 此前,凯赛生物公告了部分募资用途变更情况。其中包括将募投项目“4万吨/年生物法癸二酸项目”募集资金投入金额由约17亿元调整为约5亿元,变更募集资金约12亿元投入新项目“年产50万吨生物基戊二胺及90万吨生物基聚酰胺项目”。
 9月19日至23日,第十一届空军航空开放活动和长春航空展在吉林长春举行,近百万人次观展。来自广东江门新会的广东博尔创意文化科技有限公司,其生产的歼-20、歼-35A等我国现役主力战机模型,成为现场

____

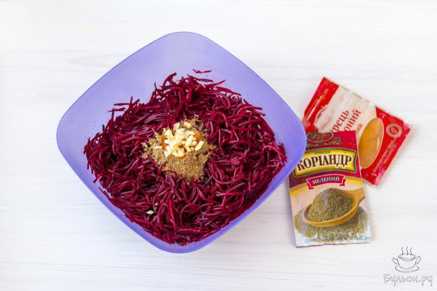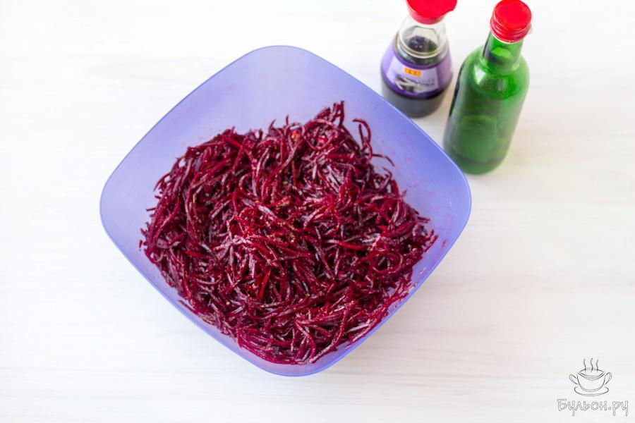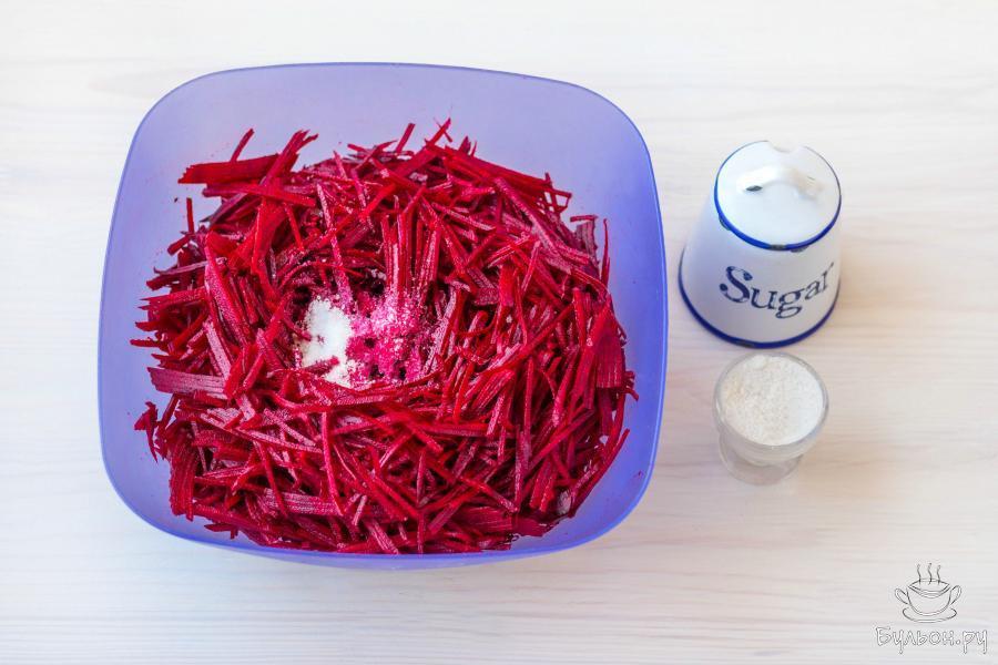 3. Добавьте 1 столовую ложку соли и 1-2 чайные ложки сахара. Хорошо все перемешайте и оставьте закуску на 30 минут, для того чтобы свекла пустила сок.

____

Precisely the lines between those holding "此前,凯赛生物公告了部分募资" and "9月19日至23日,第十一届", inclusive, are to be reproduced from the listing above, with nothing added.

REPLY:
 此前,凯赛生物公告了部分募资用途变更情况。其中包括将募投项目“4万吨/年生物法癸二酸项目”募集资金投入金额由约17亿元调整为约5亿元,变更募集资金约12亿元投入新项目“年产50万吨生物基戊二胺及90万吨生物基聚酰胺项目”。
 9月19日至23日,第十一届空军航空开放活动和长春航空展在吉林长春举行,近百万人次观展。来自广东江门新会的广东博尔创意文化科技有限公司,其生产的歼-20、歼-35A等我国现役主力战机模型,成为现场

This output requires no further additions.